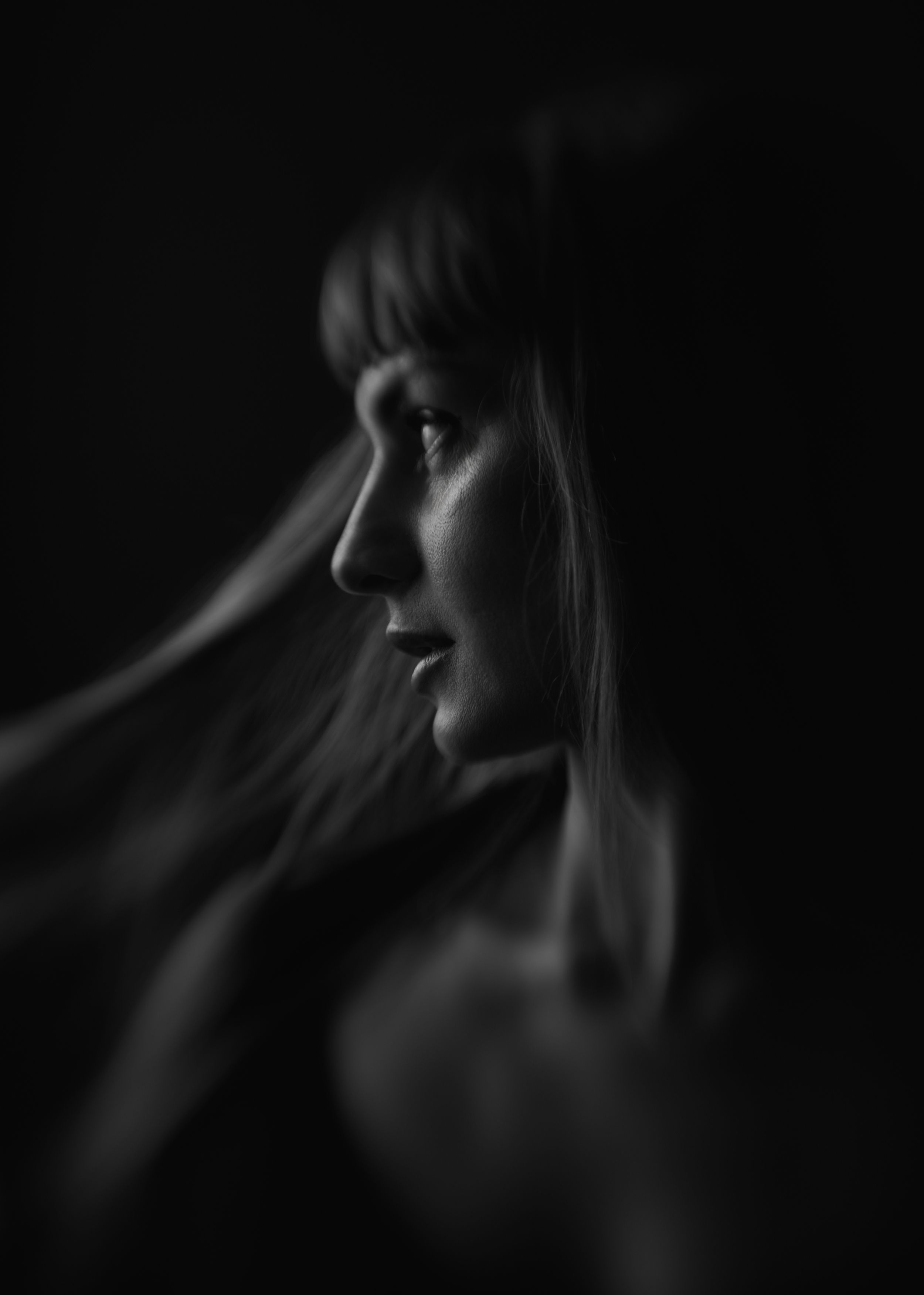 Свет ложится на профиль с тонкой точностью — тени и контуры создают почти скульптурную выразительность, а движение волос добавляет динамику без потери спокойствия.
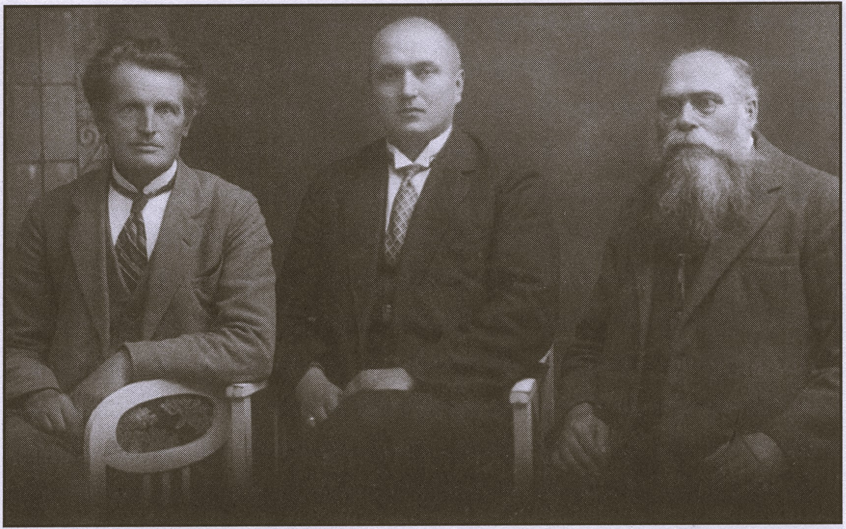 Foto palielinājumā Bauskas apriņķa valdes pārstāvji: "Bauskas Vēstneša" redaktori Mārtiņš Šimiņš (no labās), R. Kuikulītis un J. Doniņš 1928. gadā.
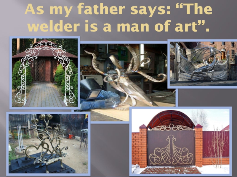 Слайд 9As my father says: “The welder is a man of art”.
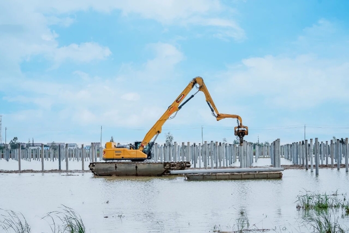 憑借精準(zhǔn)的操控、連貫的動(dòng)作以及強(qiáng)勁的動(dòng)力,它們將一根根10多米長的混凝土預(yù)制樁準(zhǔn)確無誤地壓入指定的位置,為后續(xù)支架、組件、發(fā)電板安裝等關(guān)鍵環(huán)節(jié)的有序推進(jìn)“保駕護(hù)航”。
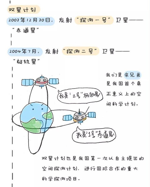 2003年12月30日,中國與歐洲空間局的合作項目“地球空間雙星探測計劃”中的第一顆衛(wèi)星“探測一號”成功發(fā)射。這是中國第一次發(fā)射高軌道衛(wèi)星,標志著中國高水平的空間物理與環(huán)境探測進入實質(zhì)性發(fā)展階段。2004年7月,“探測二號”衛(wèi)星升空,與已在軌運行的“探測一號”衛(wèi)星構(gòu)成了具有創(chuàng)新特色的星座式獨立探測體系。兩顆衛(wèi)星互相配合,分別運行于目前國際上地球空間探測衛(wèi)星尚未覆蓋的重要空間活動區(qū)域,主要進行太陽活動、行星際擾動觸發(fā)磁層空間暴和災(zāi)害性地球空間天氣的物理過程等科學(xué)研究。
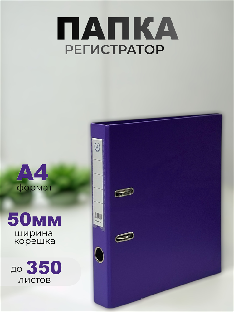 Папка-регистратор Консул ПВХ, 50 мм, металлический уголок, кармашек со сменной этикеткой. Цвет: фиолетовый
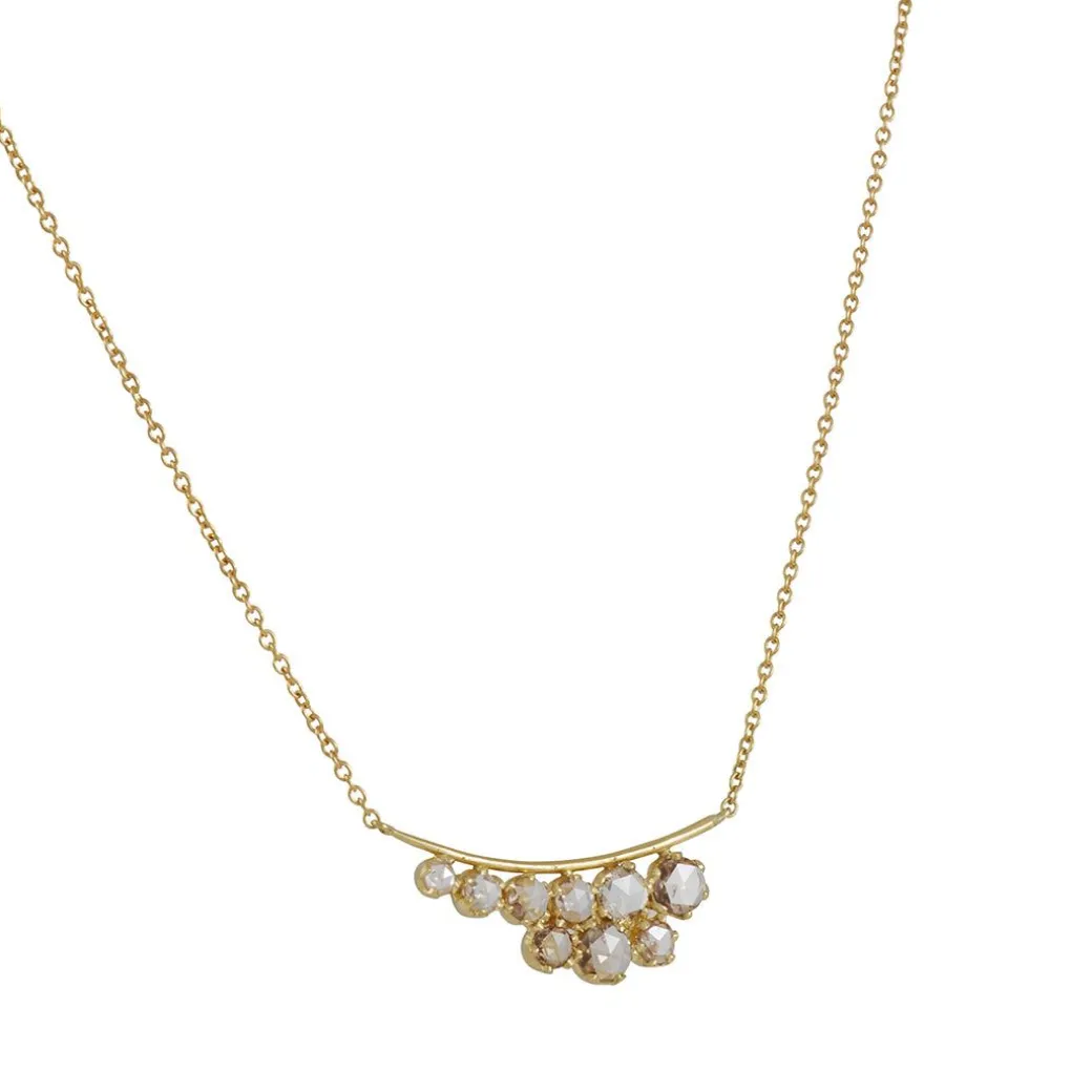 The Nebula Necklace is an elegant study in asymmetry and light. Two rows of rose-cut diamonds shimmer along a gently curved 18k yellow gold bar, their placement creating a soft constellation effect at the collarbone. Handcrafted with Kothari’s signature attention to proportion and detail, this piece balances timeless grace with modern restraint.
______________________________
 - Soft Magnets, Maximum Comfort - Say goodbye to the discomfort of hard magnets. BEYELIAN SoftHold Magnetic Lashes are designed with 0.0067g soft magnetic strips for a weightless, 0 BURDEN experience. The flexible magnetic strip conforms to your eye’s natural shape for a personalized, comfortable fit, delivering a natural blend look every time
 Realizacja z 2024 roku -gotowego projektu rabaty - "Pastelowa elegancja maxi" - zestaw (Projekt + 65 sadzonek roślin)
______________________________
** Exercise **
Beginning at the line above that contains "Свет ложится на", repeat each line exactly through the one that contains "The Nebula Necklace", and leave out the pictures.

** Task output **
 Свет ложится на профиль с тонкой точностью — тени и контуры создают почти скульптурную выразительность, а движение волос добавляет динамику без потери спокойствия.
 Foto palielinājumā Bauskas apriņķa valdes pārstāvji: "Bauskas Vēstneša" redaktori Mārtiņš Šimiņš (no labās), R. Kuikulītis un J. Doniņš 1928. gadā.
 Слайд 9As my father says: “The welder is a man of art”.
 憑借精準(zhǔn)的操控、連貫的動(dòng)作以及強(qiáng)勁的動(dòng)力,它們將一根根10多米長的混凝土預(yù)制樁準(zhǔn)確無誤地壓入指定的位置,為后續(xù)支架、組件、發(fā)電板安裝等關(guān)鍵環(huán)節(jié)的有序推進(jìn)“保駕護(hù)航”。
 2003年12月30日,中國與歐洲空間局的合作項目“地球空間雙星探測計劃”中的第一顆衛(wèi)星“探測一號”成功發(fā)射。這是中國第一次發(fā)射高軌道衛(wèi)星,標志著中國高水平的空間物理與環(huán)境探測進入實質(zhì)性發(fā)展階段。2004年7月,“探測二號”衛(wèi)星升空,與已在軌運行的“探測一號”衛(wèi)星構(gòu)成了具有創(chuàng)新特色的星座式獨立探測體系。兩顆衛(wèi)星互相配合,分別運行于目前國際上地球空間探測衛(wèi)星尚未覆蓋的重要空間活動區(qū)域,主要進行太陽活動、行星際擾動觸發(fā)磁層空間暴和災(zāi)害性地球空間天氣的物理過程等科學(xué)研究。
 Папка-регистратор Консул ПВХ, 50 мм, металлический уголок, кармашек со сменной этикеткой. Цвет: фиолетовый
 The Nebula Necklace is an elegant study in asymmetry and light. Two rows of rose-cut diamonds shimmer along a gently curved 18k yellow gold bar, their placement creating a soft constellation effect at the collarbone. Handcrafted with Kothari’s signature attention to proportion and detail, this piece balances timeless grace with modern restraint.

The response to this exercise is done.